DocketNumber: 16849
Judges: Baker, Martin, Oxner, Stukes, Taylor
Filed Date: 3/24/1954
Status: Precedential
Modified Date: 11/14/2024
This is an appeal from an order of the Circuit Court affirming a conviction of the appellants in a Magistrate’s Court under Section 5, subdivision (b) of Act No. 289, Acts of 1953, 48 St. at Large, p. 366, approved the 26th day of May, 1953, and effective as of July 1, 1953. Said subsection (b) of Section 5 reads as follows:
“Traps, seines and nets prohibited. Baskets and trotlines may be used for catching non-game fish, provided a non-game fish tag is secured from the game warden or agent of the Division of Game at a cost of twenty-five cents for each basket or trotline. These tags must be securely attached to baskets or trotlines while they are in use.”
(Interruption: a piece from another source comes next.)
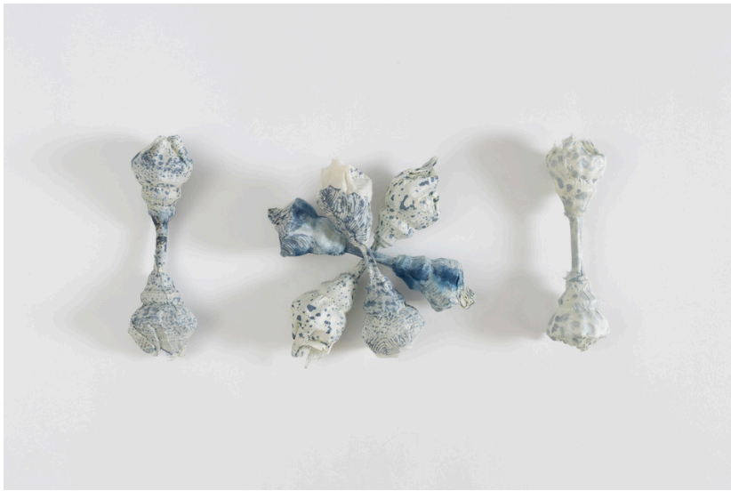
Tatiana Ginsberg Vajra/Doorknobs (Indigo) , 2019 Kozo paper, indigo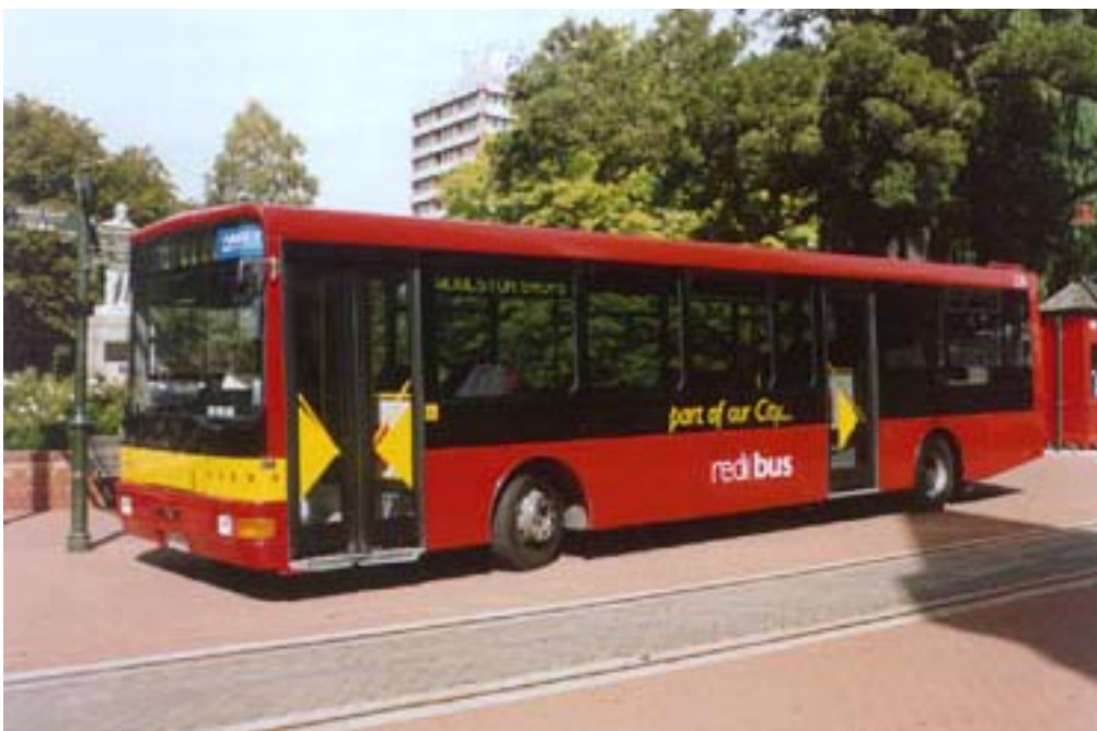
A new look for the Red Bus bus fleet.

There is no dispute in so far as the facts of this case are concerned. These appellants were fishing with baskets, to each of which a non-game fish tag was securely attached, which fish tag for these baskets had been lawfully procured, not by the appellants but by the man for whom they were then employed, who was the owner of the baskets and non-game fish tags. But this latter fact is immaterial because the baskets which they were using had securely attached thereto the fish tag provided for in the statute. The license here provided for is on the basket and not on the fisherman, just as every automobile is required to carry a license and the owner of the automobile can let anyone drive his automobile, especially his employees in his business.
In the light of the above, the order affirming the judgment of conviction and sentence imposed on the appellants in the Magistrate’s Court is set aside and reversed.